**Exercise prompt:** Look for the line that has "Glass-Door Bookcase $90" in the material below; please repeat it and every line after it, exactly, up to and including the line that has "The Blake Building", and nothing else.

**Extracted information:**

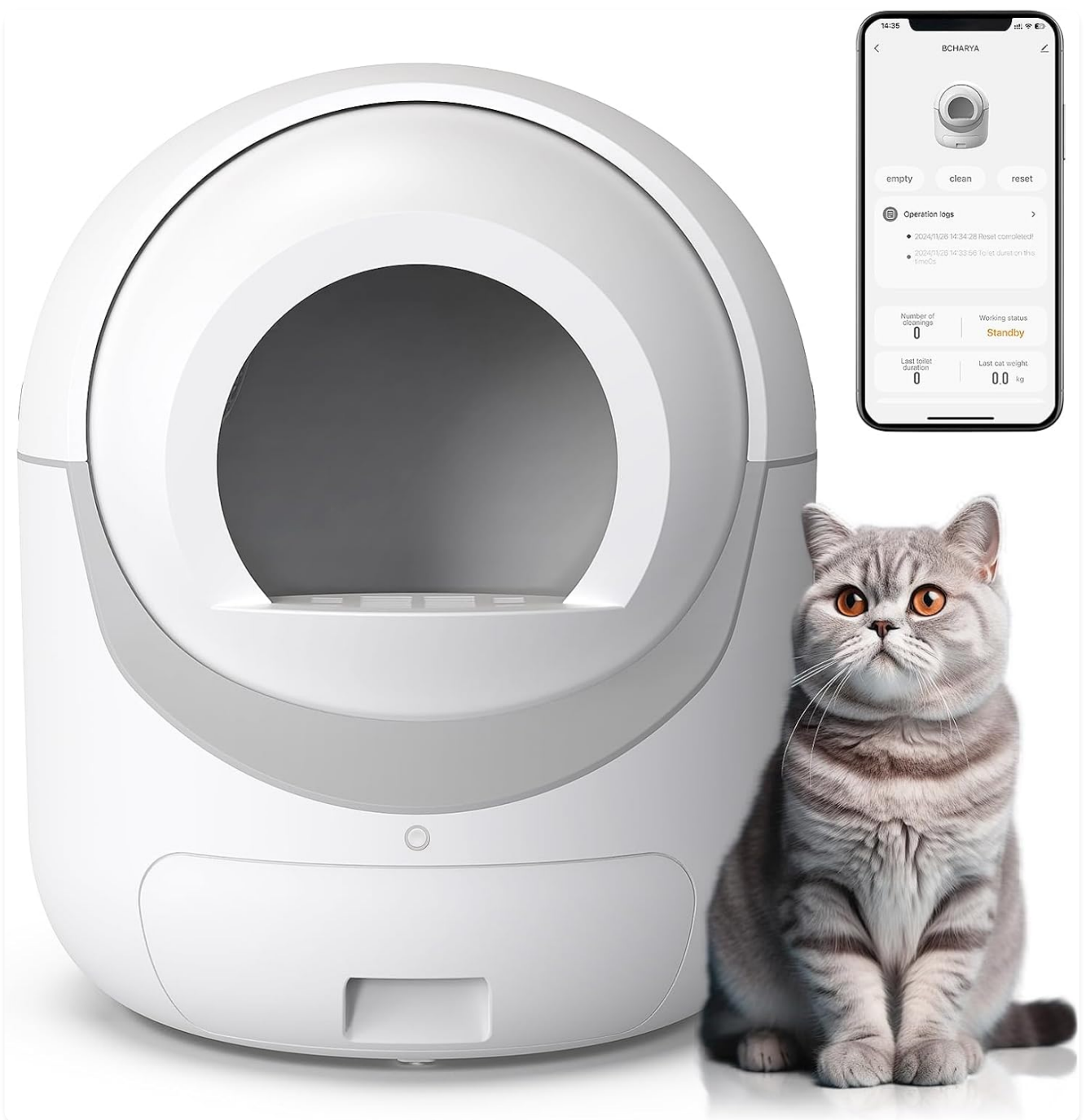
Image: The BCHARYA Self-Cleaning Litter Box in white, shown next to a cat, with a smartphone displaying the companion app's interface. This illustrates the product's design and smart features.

==

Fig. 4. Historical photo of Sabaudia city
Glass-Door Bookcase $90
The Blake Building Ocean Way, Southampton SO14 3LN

**Result of this task:**
Glass-Door Bookcase $90
The Blake Building Ocean Way, Southampton SO14 3LN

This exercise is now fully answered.